Glaciers fix time. Glacial ice can range in age from several hundred years to several hundreds of thousands of years. The ice contains little bubbles, preserving the atmosphere from the date of their formation, and revealing what the climate was like at the time. From this information past climatic periods can be reconstructed, showing how and why climate changed, and giving a lead to how it might change into the future. For the last century, with few exceptions, glaciers around the world have been retreating, consistent with the increase in global mean air temperature associated with the production of climate-influencing gases. 

The Greenlandic icebergs are photographed at the UNESCO heritage site at Disko Bay, near Ilulissat, some 300 km north of the Arctic Circle. They are carved from the Eqip Sermia glacier. The visual experience is akin to that of a continually reshaping landscape, like a vast chessboard of moving ice-pieces.

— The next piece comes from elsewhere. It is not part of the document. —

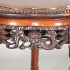 A Chinese hardwood jardinière stand, early 20th century, the lobed circular top with carved border and beaded edge, above a carved and pierced dragon frieze, on carved dragon legs united by an undertier, diameter 56cm, height 58cm.

The Jökulsárlón  icebergs in Iceland are carved from the he Hvannadalshnúkur  Glacier. These icebergs present faces of solidity, dignity and power, but this belies their increasing vulnerability. Over the last century these glaciers have been in retreat, a phenomenon linked with increases in atmospheric CO2 and air, sea and land temperatures. These vast storehouses of fresh water are being released into sea at an increasing rate, raising the prospect of worldwide rising water levels. Some scientists predict that climate change may be approaching a "tipping point" resulting in a gradual, if inevitable, removal of the north polar ice sheet.